Clinical Genetics Flashcards
How are genetic disorders classified?
- Mendelian disorders - conditions caused by a single mutation; can be autosomal recessive, autosomal dominant or X-linked. Rare with a high recurrence rate.
- Chromosomal abnormalities - the inheritance pattern is not like Mendelian conditions - often empirical; in translations these abnormalities can be inherited. Usually de novo. Affects the overall gene balance. Account for the majority of spontaneous abortions. Multiple organ systems are affected.
- Multifactorial - caused by a combination of genes and environment. More common with a low recurrence rate.

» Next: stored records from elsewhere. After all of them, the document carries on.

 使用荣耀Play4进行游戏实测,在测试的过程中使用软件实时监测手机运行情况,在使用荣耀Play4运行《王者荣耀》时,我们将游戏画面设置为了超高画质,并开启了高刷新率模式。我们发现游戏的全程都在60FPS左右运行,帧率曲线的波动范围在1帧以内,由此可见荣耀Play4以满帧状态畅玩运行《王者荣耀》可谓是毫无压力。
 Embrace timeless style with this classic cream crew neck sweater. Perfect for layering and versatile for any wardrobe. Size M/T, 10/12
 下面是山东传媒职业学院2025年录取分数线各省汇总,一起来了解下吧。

- Mitochondrial disorders - Due to mutations in mitochondrial DNA which is past down from the mother. The mitochondrial genes mostly code for proteins involved in oxidative phosphorylation - and so cause issues in tissues with a high energy demand.

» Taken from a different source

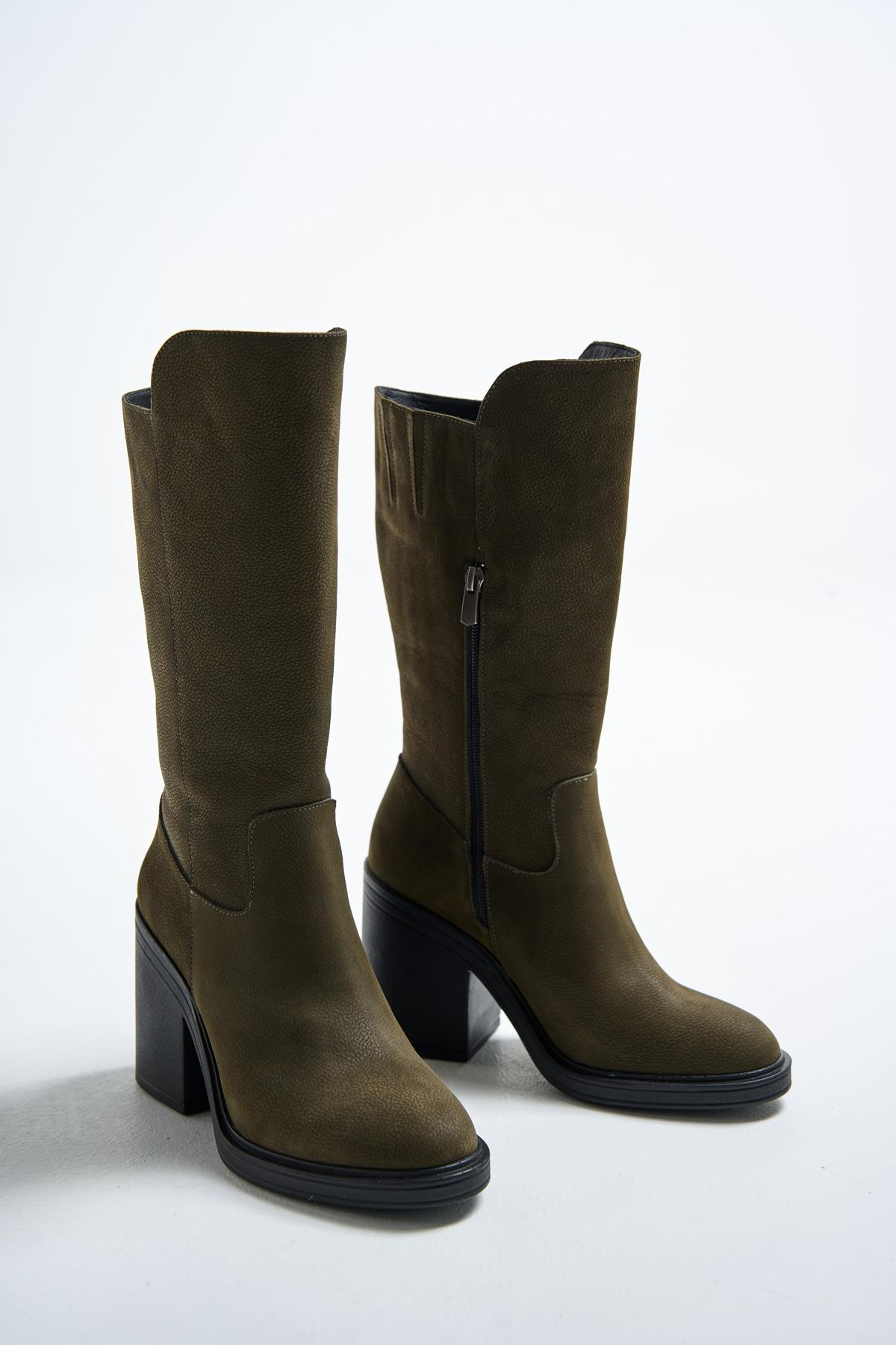 Lana Kadın Haki Gerçek Deri Topuklu Kadın Çizme, özgün bir tarz ve üstün kaliteyi bir araya getiriyor. Bu çizim, şık ve düzenli bir görünüm sunarken, nubuk deri malzemesiyle ayaklarına rahatlık sağlıyor. Haki rengi, doğallığı ve zarafetinin ön planı çıkarırken, bol miktarda tasarım ise kadınsı bir hava katıyor. Gündelik giyimden özel günlerdeki kombinlere kadar geniş bir kullanım alanına sahip olan Nubuk Lana Kadın Haki Gerçek Deri Topuklu Kadın Çizme, her zaman kalıcılığınıza zarafet ve şıklık katacak.

- Somatic mutations - mutations in somatic cells. usually de novo - can lead to mosaicism. Not passed down onto children.
What is the difference between penetrance and expressivity?
Penetrance: The proportion of individuals with a genetic variant that also display phenotypic characteristics. A high penetrance is where everyone with the condition will have the symptoms. The condition is not effected by other genes or the environment.
Expressivity: variation in phenotypic expression when an allele is penetrant.
What is the difference between autosomal dominant, autosomal recessive and X-linked patterns? What is the percentage of a child of a parent with each of these conditions having an affected child if with a normal parent?
Autosomal recessive: The individual must be homozygous for an allele in order to inherit the condition.
The chance is 25% with a 50% of being a carrier.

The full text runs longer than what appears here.